Lenovo’s “Analytic Maturity Model”

Lenovo’s Mohammed Chaara suggests proceeding through an “analytic maturity model” that has these very properties. He says, “I start by working with the data that’s already available. I actually avoid contact with IT at this stage.” He does so because he observes that IT is typically resource-constrained and it makes more sense to see if there’s a good case for investing in bigger infrastructure and better data to support an opportunity. Mo believes that “Any good analyst can extract value from dirty, incomplete data, at least enough to get a sense for whether there’s value worth pursuing further.” If there’s a reason to continue, Mo’s second analytic maturity stage is about further understanding the issues that come with the relevant data. These might include, for example, needs to reconcile master data hierarchies, or perhaps privacy constraints that will need to be imposed and administered (and perhaps audited) regularly. With these management requirements come governance needs as well. Emerging from this stage with clear requirements then allows Mo to proceed to a third stage, where IT can be productively engaged and focused on how to deliver against these requirements. Mo observes that the typical approach is exactly the opposite. Conversations start with, as he puts it, “foundation-planning”: Often led by IT, the firm first inventories the data it has, and then determines how this data should be defined, physically maintained, and governed. Only once the foundation has been established is the storefront opened. Mo observes that, however, “The problem is that nine months later, you have nothing to show for it, in terms of any business insight or result.”

Sharp-eyed readers will observe that in this case, Mo’s analytic team is sufficiently sophisticated about data management and governance issues to be able to play a hybrid business/IT role, effectively playing the part of a team of business analysts that might typically be the tip of the spear for an IT organization. However, the difference here is that by organizing itself as a “Center of Excellence” growing out of the “business” side of the organization, the “tribal DNA” of the group orients itself first toward solving specific problems and filtering for the ones that have sufficient value to be worth supporting more robustly. Business analysts coming out of IT, in my own experience and that of others who addressed this issue for this book, rarely start there. They tend to “take orders” to explore the data implications for a business opportunity without clear vetting of that opportunity. This is true even if there is a “business case” form involved in submitting the order; often the authors of those business cases are either not well analytically supported or they are not impartial.
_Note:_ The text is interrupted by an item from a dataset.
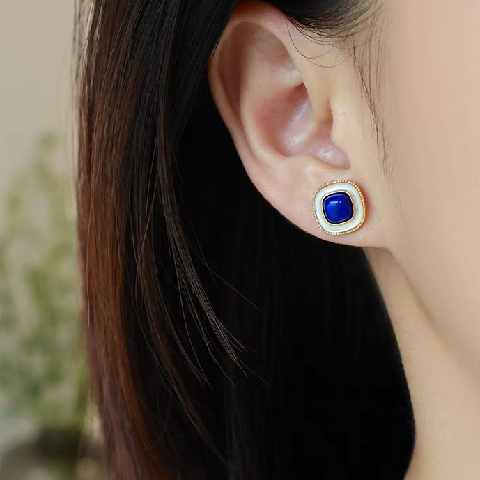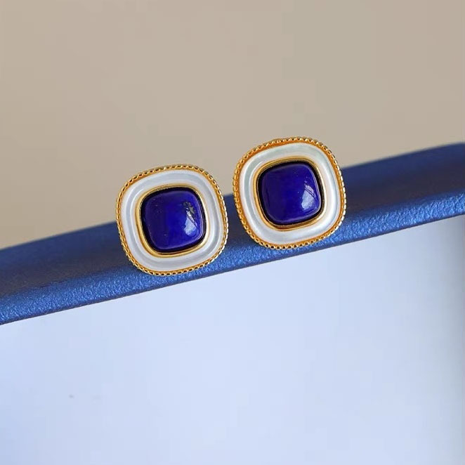 Серьги из натурального лазурит с белым перламутром и квадратным серебром

Building the Data Warehouse

To summarize, the bottom layer/first stage described previously is typically called “requirements gathering.” However, the ways functional and technical requirements have traditionally been expressed have focused more on features, specifications, and (occasionally) performance, not on capturing and tightly linking the business needs—users and use cases—these are meant to support. Buried in the second edition of what is widely accepted as the bible on the subject, Ralph Kimball’s The Data Warehouse Toolkit, in the middle of Chapter 16, is a section titled “Common Data Warehousing Mistakes to Avoid.”2 Woven throughout the ten mistakes listed there is a common theme: De-coupling data warehouse development from cheek-by-jowl participation in solving real business problems is a recipe for disaster.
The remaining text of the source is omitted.